Some of these alleles are either very rare or only present in non-European ethnic groups  ,  and might not be present in our sample. Others, however, likely, share the same tuple SNP-string. However, this will also probably decrease the number of unambiguous SNP-string identifications. Each of these changes could be either good or bad, depending on which effects predominate. Unquestionably, therefore, each of these variables will need to be studied systematically in order to determine the optimum number of SNPs and the optimum length of DNA to be included in the analysis.
In addition, each of the SNP-string lists here developed i.

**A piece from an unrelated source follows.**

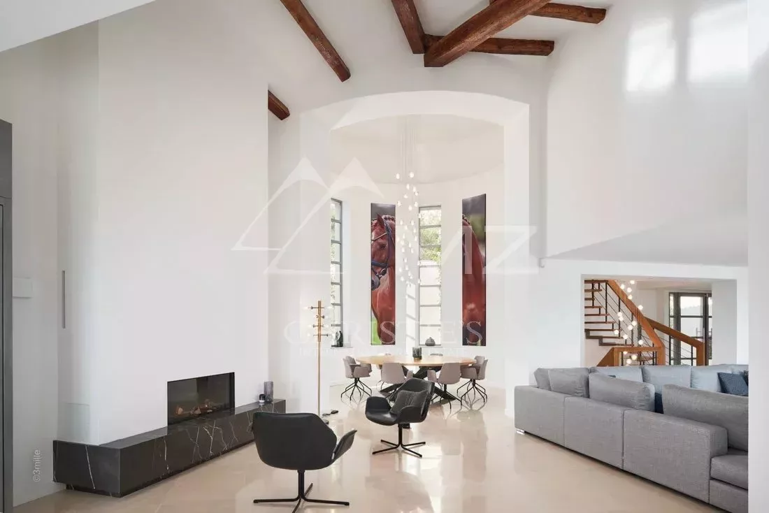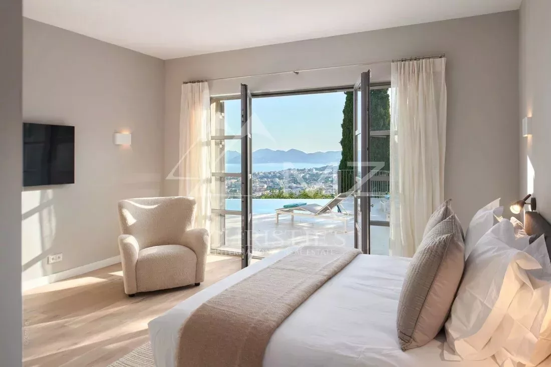 Récemment rénovée à un niveau exceptionnellement élevé, cette belle villa est idéalement située dans l'endroit le plus recherché de Cannes et bénéficie d'une vue imprenable sur le littoral de la Côte d'Azur et sur la mer. Cette propriété accueillante et lumineuse a fait l'objet d'un énorme projet de rénovation au cours des deux dernières années pour devenir cette impressionnante maison, c'est l'endroit idéal pour recevoir amis et famille. Le logement lumineux s'étend sur environ 450 m² et comprend un hall d'entrée, un vestiaire / wc pour les invités, un grand salon / salle à manger avec double hauteur de plafond et une cuisine ouverte sur le salon. Il y a cinq chambres, dont une immense suite parentale au dernier étage avec une grande salle de bains, un dressing et une vaste terrasse couverte avec une vue imprenable, il y a aussi une buanderie et une salle de sport. Le terrain bien entretenu (2 284 m²) comprend une magnifique piscine à débordement flambant neuve et un impressionnant pool house avec cuisine d'été et salon TV, ainsi que de nombreuses places de parking.
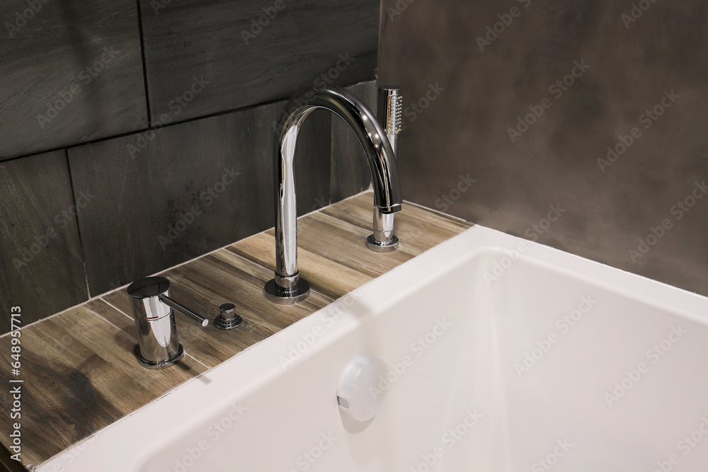Faucet with shower head close-up over bathtub

- Contemporary Chinese Rural Reform.
- Get this edition;
- Extrapolation theory with applications, Nummers 438-440.
- Navigation menu.
Therefore, these lists and the estimated haplotype frequencies are independent of the order of data entry. Elahe Elahi for critical reading of this manuscript. References 1. Ronaghi, M. Pyrosequencing 2. Garcia, A. Ahmadian, A. Alderborn, A. Genome Res. Introduction 1. Until recently a major drawback of this method was that it was labor-intensive and without high-throughput instrumentation 4.
It is robust, rapid, inexpensive, and allows accurate measurement of allele frequencies in pools of DNA, facili- tating large-scale gene mapping. The allelic specificity of the PCR amplification is conferred by placing the 3' end of one the primers directly over and matching one or the other of the variant nucleotides see Fig. Ideally, only completely matched primers are extended and only the matching allele is amplified. To delay this amplification as much Germer and Higuchi as possible, we have used the Stoffel fragment of Taq DNA poly- merase 5,8 , which has been shown to enhance discrimination of 3' primer-template mismatches 9.
Recently we have further derived a new variant, CEA2 11 , of the Stoffel fragment polymerase. This has helped us develop hundreds of genotyping Fig. Allele-specific PCR. B A sample to be genotyped is divided among two PCRs. One PCR contains one of the two allele-specific primers and the other contains the other allele- specific primer. Both contain the common primer. DNA amplification between an allele-specific primer and the common primer will not occur or be greatly delayed if the primer is mismatched to the template.
Allele-specific PCR monitored in real-time.